Pharmacokinetics of cimifugin in rat plasma after oral administration of the extract of Saposhnikovia divaricatae root : Determination of cimifugin by high performance liquid chromatography coupled with solid phase extraction

High performance liquid chromatography (HPLC) coupled with the solid phase extraction method was developed for determining cimifugin (a coumarin derivative; one of Saposhnikovia divaricatae's constituents) in rat plasma after oral administration of Saposhnikovia divaricatae extract (SDE), and the pharmacokinetics of cimifugin either in SDE or as a single compound was investigated.
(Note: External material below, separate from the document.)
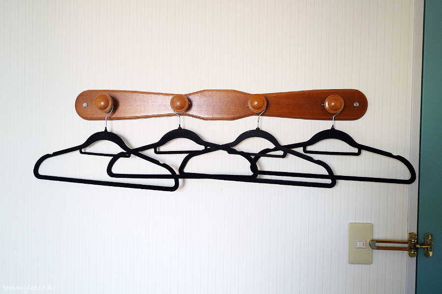객실 크기가 작은만큼 옷장은 따로 없고요.. 벽에 있는 옷걸이 이용해야 합니다..

The HPLC analysis was performed on a commercially available column (4.6 mm x 200 mm, 5 pm) with the isocratic elution of solvent A (Methanol) and solvent B (Water) (A:B=60:40) and the detection wavelength was set at 250 nm. The calibration curve was linear over the range of 0.100-10.040 microg/mL. The limit of detection was 30 ng/mL. At the rat plasma concentrations of 0.402, 4.016, 10.040 microg/mL, the intra-day precision was 6.21%, 3.98%, and 2.23%; the inter-day precision was 7.59%, 4.26%, and 2.09%, respectively. The absolute recovery was 76.58%, 76.61%, and 77.67%, respectively. When the dosage of SDE was equal to the pure compound calculated by the amount of cimifugin, it was found to have two maximum peaks while the pure compound only showed one peak in the plasma concentration-time curve. The pharmacokinetic characteristics of SDE showed the superiority of the extract and the properties of traditional Chinese medicine.